Give again the lines of the data from its first line through the line with "ZD620d z wyświetlaczem LCD". Change nothing.

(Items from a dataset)
● ● ●

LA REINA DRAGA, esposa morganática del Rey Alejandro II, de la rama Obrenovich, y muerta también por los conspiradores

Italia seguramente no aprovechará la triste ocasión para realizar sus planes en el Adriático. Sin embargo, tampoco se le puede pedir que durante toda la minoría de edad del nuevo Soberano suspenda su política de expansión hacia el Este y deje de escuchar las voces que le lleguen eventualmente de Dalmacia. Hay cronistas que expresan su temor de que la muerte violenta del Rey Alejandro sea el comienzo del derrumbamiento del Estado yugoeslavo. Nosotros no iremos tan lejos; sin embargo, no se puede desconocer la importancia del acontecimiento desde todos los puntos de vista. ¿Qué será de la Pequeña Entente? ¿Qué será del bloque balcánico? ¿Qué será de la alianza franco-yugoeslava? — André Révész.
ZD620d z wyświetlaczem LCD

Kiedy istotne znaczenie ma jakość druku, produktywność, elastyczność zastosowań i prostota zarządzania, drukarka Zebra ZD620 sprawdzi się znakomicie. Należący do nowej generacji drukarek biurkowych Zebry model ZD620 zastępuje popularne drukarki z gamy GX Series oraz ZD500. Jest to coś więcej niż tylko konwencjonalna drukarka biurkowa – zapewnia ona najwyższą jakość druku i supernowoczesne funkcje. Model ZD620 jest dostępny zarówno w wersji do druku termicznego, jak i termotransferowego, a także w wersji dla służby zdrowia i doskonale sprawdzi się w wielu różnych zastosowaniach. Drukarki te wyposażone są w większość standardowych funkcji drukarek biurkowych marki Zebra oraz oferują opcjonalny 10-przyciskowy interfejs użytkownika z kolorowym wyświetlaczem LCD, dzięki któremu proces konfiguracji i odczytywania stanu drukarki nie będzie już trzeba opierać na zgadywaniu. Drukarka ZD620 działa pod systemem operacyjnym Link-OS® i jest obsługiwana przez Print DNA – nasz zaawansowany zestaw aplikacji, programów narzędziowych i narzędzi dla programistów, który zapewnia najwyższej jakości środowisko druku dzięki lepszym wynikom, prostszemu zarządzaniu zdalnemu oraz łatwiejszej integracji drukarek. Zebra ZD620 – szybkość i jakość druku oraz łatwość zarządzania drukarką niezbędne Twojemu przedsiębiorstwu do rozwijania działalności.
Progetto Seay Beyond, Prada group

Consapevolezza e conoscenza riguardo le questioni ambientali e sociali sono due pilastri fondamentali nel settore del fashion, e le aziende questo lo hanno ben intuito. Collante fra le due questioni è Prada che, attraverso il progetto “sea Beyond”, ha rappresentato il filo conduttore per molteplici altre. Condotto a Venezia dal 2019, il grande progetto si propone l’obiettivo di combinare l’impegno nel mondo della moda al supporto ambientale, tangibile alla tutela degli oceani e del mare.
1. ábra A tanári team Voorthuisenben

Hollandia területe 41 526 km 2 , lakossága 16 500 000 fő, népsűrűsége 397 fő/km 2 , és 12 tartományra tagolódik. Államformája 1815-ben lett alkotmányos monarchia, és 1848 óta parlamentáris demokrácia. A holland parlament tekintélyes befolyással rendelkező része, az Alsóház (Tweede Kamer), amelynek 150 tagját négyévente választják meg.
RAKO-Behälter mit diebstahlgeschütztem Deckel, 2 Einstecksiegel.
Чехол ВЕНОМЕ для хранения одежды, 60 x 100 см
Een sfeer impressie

● ● ●

* **YOUR SOLUTION**:
LA REINA DRAGA, esposa morganática del Rey Alejandro II, de la rama Obrenovich, y muerta también por los conspiradores

Italia seguramente no aprovechará la triste ocasión para realizar sus planes en el Adriático. Sin embargo, tampoco se le puede pedir que durante toda la minoría de edad del nuevo Soberano suspenda su política de expansión hacia el Este y deje de escuchar las voces que le lleguen eventualmente de Dalmacia. Hay cronistas que expresan su temor de que la muerte violenta del Rey Alejandro sea el comienzo del derrumbamiento del Estado yugoeslavo. Nosotros no iremos tan lejos; sin embargo, no se puede desconocer la importancia del acontecimiento desde todos los puntos de vista. ¿Qué será de la Pequeña Entente? ¿Qué será del bloque balcánico? ¿Qué será de la alianza franco-yugoeslava? — André Révész.
ZD620d z wyświetlaczem LCD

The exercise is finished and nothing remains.